Goal of the exercise: Pictures should be left out while the data beneath this task is written out word for word.

Input data: Begin

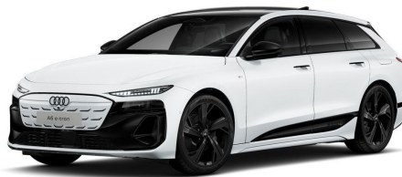
Technisch generierte Bilder: Tatsächlicher Zustand und Ausstattung können abweichen. Vergleichen Sie hierzu die Zustands- sowie Ausstattungsbeschreibung. Fahrzeug ist 8-fach bereift.
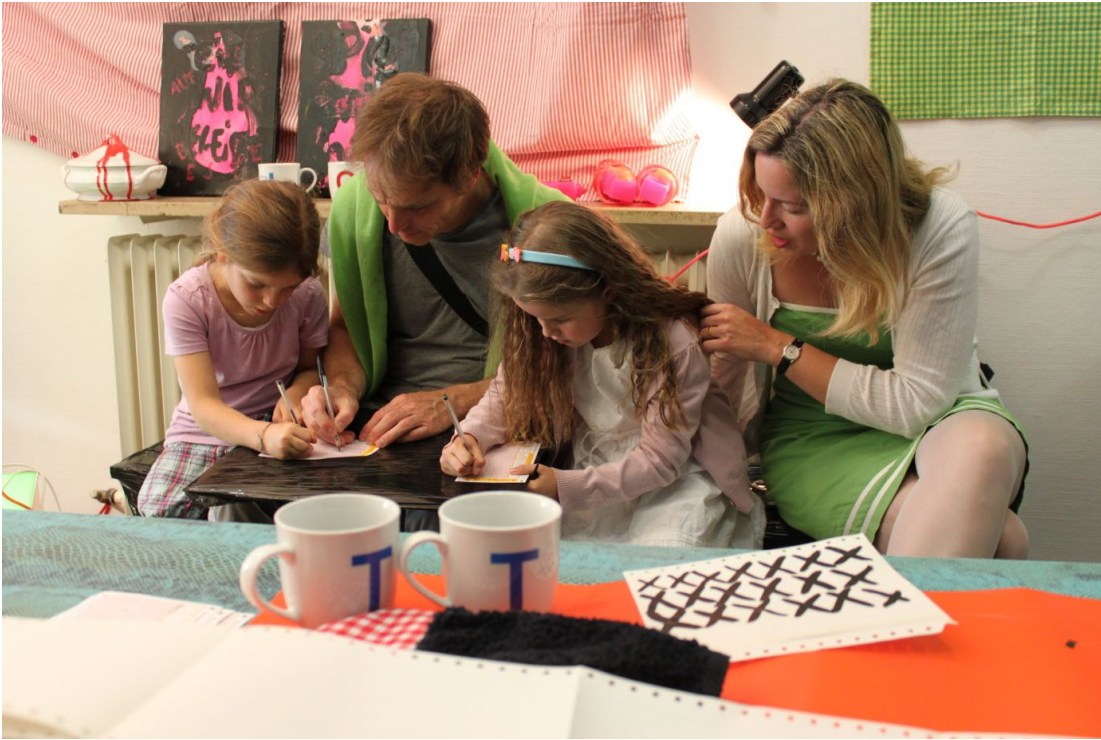
"LOTTO LOTTO BW", Grafikperformance, Kunststiftung Baden-Württemberg, Stuttgart , 2012
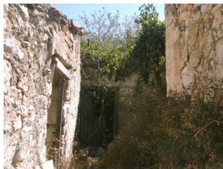
Verfallene Häuser in „Alt Adrianos“
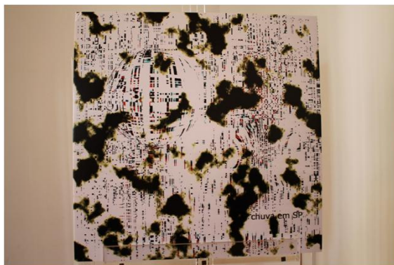
«Chuva em São Paulo».
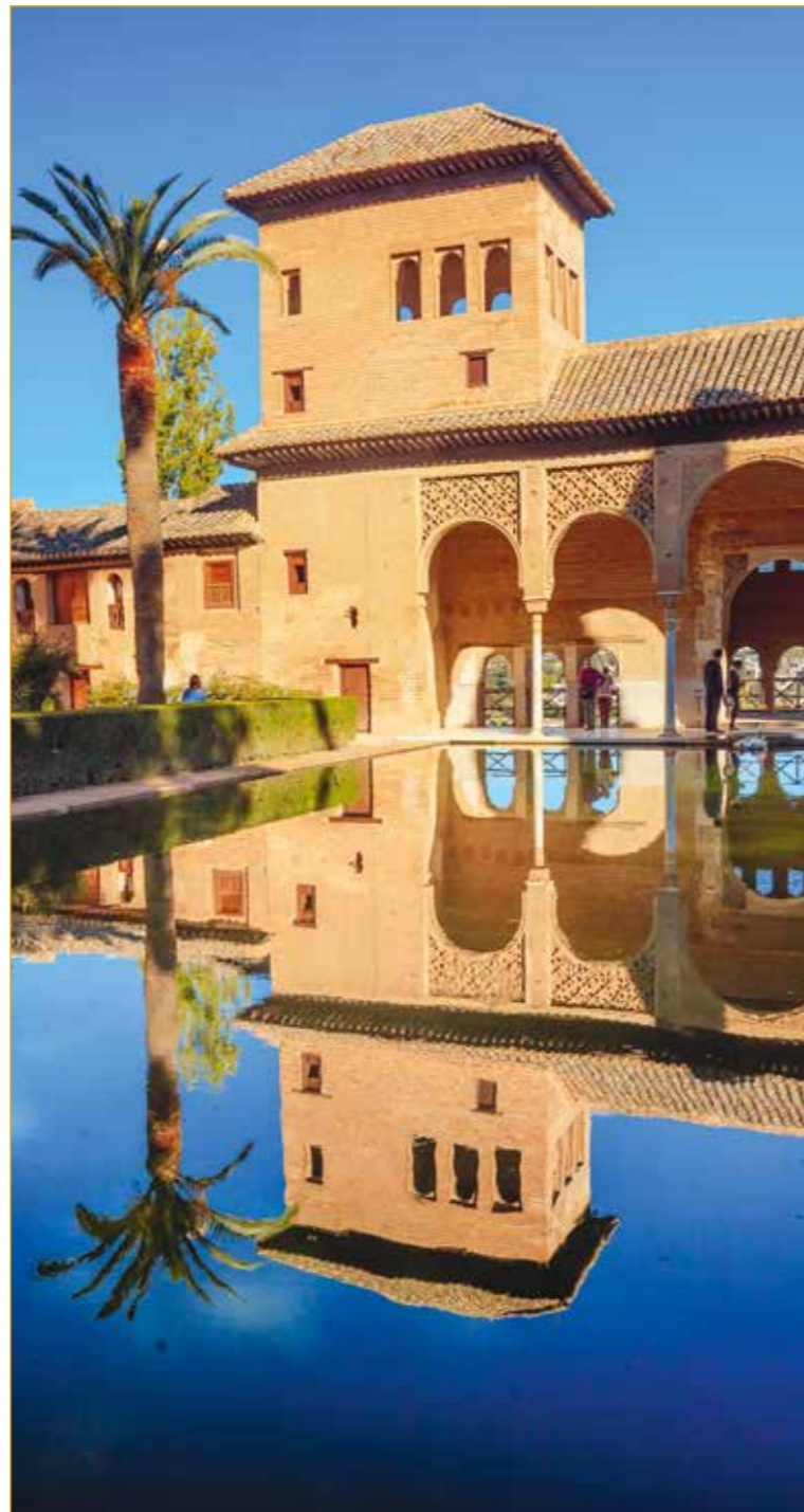
La Alhambra y sus jardines.

Además de sus funciones prácticas, el agua tenía, para los árabes, un valor espiritual: consideraban el agua como un «bien divino» que representaba la pureza, y edificaron baños destinados a cumplir funciones de higiene y de purificación.
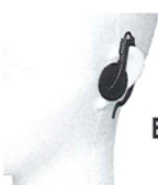
BM-GSRM2.5 耳掛け式 イヤホン2.5mm
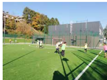
Terrain de futsal extérieur
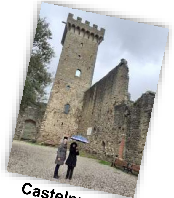
Castelnuovo Di Magra
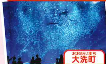
大洗町 アqualワールド
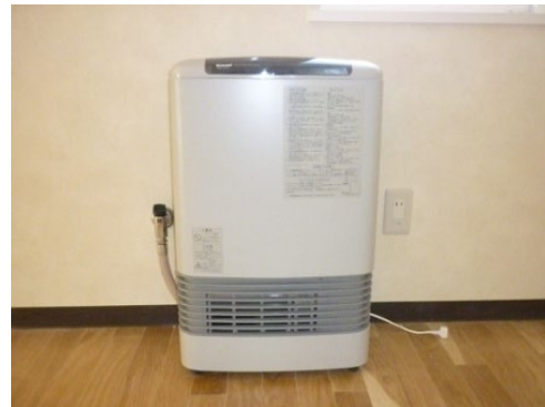
居室暖房器具（ガストーブ）
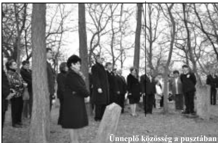
Ünnepelő közösség a pusztában

az ellenfelén, Habsburg Birodalom seregén. Bosszantóan és vérlázítóan megsemmisítő ahhoz képest, hogy a magyar hadsereg korábban önállóan évszázadok óta nem is létezett. Tisztjei a császáriakhoz képest alulképzettek voltak, és a katonáknak a már zajló háborúban alig több mint fél évük volt a felkészülésre.
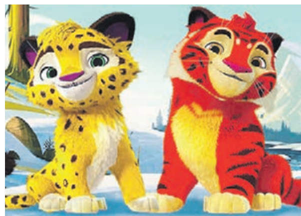
Мультгерои Лео — маленький леопард и тигренок Тиг — сойдут на сцену и подарят ребятам новогоднее чудо

■ Представьте, что существует волшебный народ, который даже не подозревает о существовании такого праздника, как Новый год?
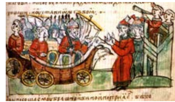
Похід Олега на Царгород. Мініатюра Радзивілівського літопису

За службу князеві воїни отримували від нього плату. Це була не лише частина данини з підкорених племен, з торгівлі, військової здобичі, – визначні члени дружини призначались
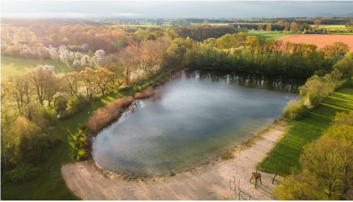
Fotowalk Tourismusverband Sieben (6 von 132).jpg
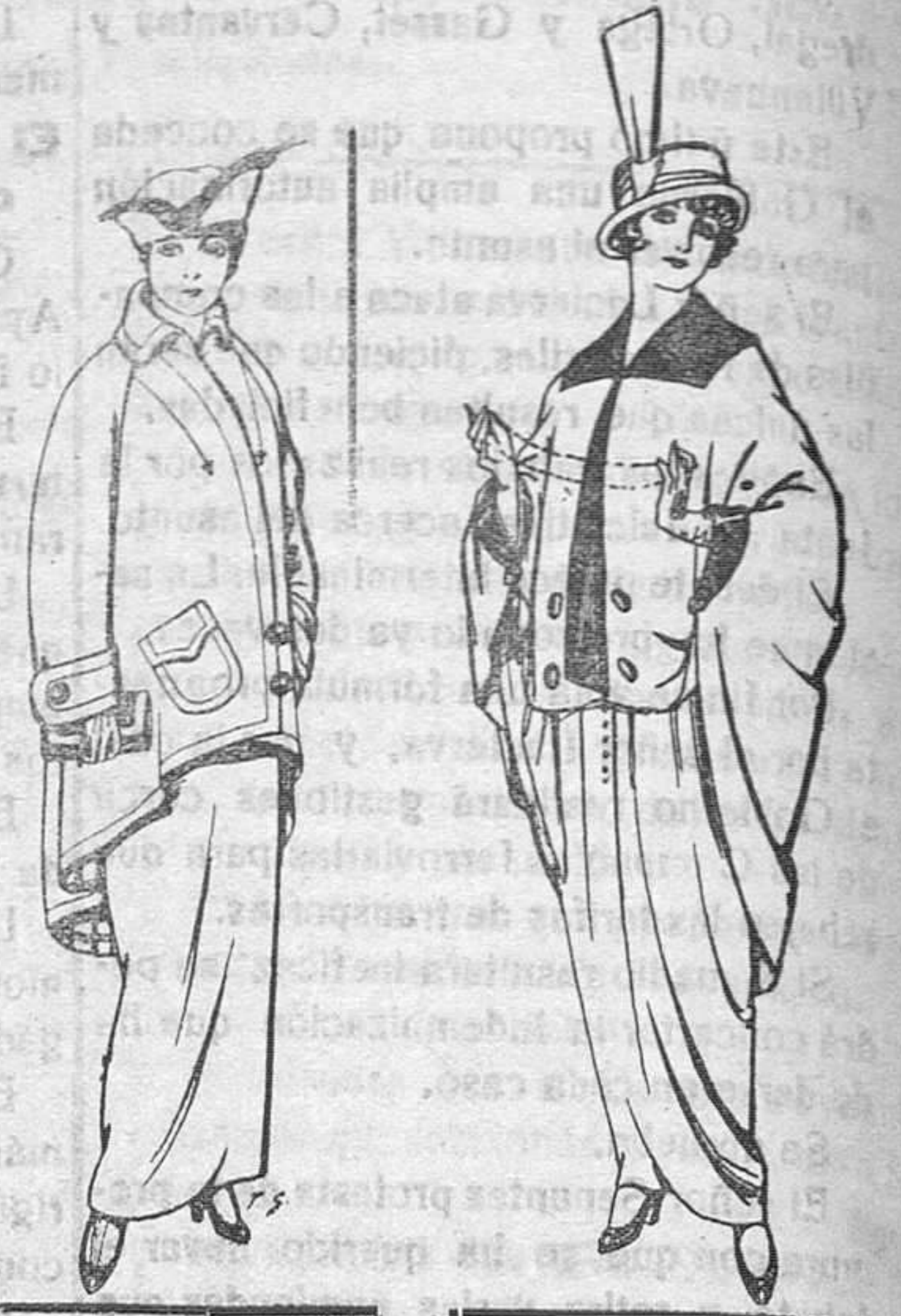
Abrigos de paten para Señora De Pts. 40 a 50
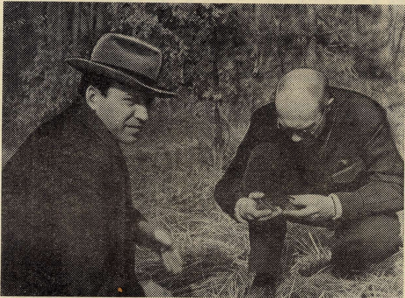
А. А. Ильющин (слева) и М. А. Лаврентьев рассматривают не- разорвавшийся немецкий снаряд. Киев, 1945 г.

Великая Отечественная война убедительно показала богатую мощь советского народа, несокрушимость социалистического строя. Советский народ вступил в единоборство с колоссальной военной машиной гитлеровской Германии, вобравшей экономические и военные ресурсы почти всей Западной Европы.
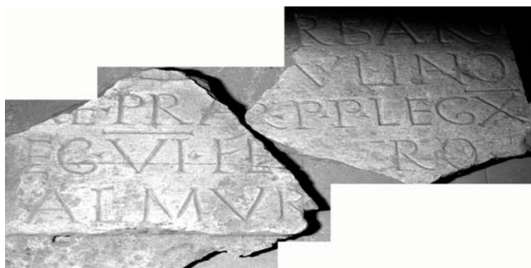
Fig. 3ab : Deux inscriptions latines fragmentaires inédites au Musée de Palmyre

[- - -Ba]rbaro [- - -]Iuliano [- - -]R . p(rimo) p(ilo) leg(ionis) X 4 [Fretensis- - -]TROfeuille
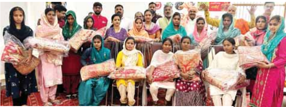
सामूहिक विवाह के लिए पंजीकृत बेटियों को शादी के जोड़े भेंट करते स्वास्तिक फाउंडेशन के सदस्य।

16 जोड़ों का पंजीकरण किया गया है। सरकार की ओर से बेटियों की निर्धारित उम्र 18 वर्ष लड़कों की 21 वर्ष होने के दस्तावेजों को पंजीकरण के लिए जमा कराया गया है। एक फरवरी 2004 से पहले के जन्में
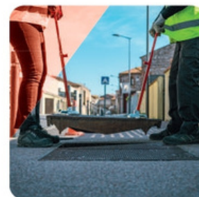
ÉTAPE 4 Possibilité de manipuler avec 2 MINI-LIFTPLAQ®+

Input data: End

Worked solution:
Technisch generierte Bilder: Tatsächlicher Zustand und Ausstattung können abweichen. Vergleichen Sie hierzu die Zustands- sowie Ausstattungsbeschreibung. Fahrzeug ist 8-fach bereift.
"LOTTO LOTTO BW", Grafikperformance, Kunststiftung Baden-Württemberg, Stuttgart , 2012
Verfallene Häuser in „Alt Adrianos“
«Chuva em São Paulo».
La Alhambra y sus jardines.

Además de sus funciones prácticas, el agua tenía, para los árabes, un valor espiritual: consideraban el agua como un «bien divino» que representaba la pureza, y edificaron baños destinados a cumplir funciones de higiene y de purificación.
BM-GSRM2.5 耳掛け式 イヤホン2.5mm
Terrain de futsal extérieur
Castelnuovo Di Magra
大洗町 アqualワールド
居室暖房器具（ガストーブ）
Ünnepelő közösség a pusztában

az ellenfelén, Habsburg Birodalom seregén. Bosszantóan és vérlázítóan megsemmisítő ahhoz képest, hogy a magyar hadsereg korábban önállóan évszázadok óta nem is létezett. Tisztjei a császáriakhoz képest alulképzettek voltak, és a katonáknak a már zajló háborúban alig több mint fél évük volt a felkészülésre.
Мультгерои Лео — маленький леопард и тигренок Тиг — сойдут на сцену и подарят ребятам новогоднее чудо

■ Представьте, что существует волшебный народ, который даже не подозревает о существовании такого праздника, как Новый год?
Похід Олега на Царгород. Мініатюра Радзивілівського літопису

За службу князеві воїни отримували від нього плату. Це була не лише частина данини з підкорених племен, з торгівлі, військової здобичі, – визначні члени дружини призначались
Fotowalk Tourismusverband Sieben (6 von 132).jpg
Abrigos de paten para Señora De Pts. 40 a 50
А. А. Ильющин (слева) и М. А. Лаврентьев рассматривают не- разорвавшийся немецкий снаряд. Киев, 1945 г.

Великая Отечественная война убедительно показала богатую мощь советского народа, несокрушимость социалистического строя. Советский народ вступил в единоборство с колоссальной военной машиной гитлеровской Германии, вобравшей экономические и военные ресурсы почти всей Западной Европы.
Fig. 3ab : Deux inscriptions latines fragmentaires inédites au Musée de Palmyre

[- - -Ba]rbaro [- - -]Iuliano [- - -]R . p(rimo) p(ilo) leg(ionis) X 4 [Fretensis- - -]TROfeuille
सामूहिक विवाह के लिए पंजीकृत बेटियों को शादी के जोड़े भेंट करते स्वास्तिक फाउंडेशन के सदस्य।

16 जोड़ों का पंजीकरण किया गया है। सरकार की ओर से बेटियों की निर्धारित उम्र 18 वर्ष लड़कों की 21 वर्ष होने के दस्तावेजों को पंजीकरण के लिए जमा कराया गया है। एक फरवरी 2004 से पहले के जन्में
ÉTAPE 4 Possibilité de manipuler avec 2 MINI-LIFTPLAQ®+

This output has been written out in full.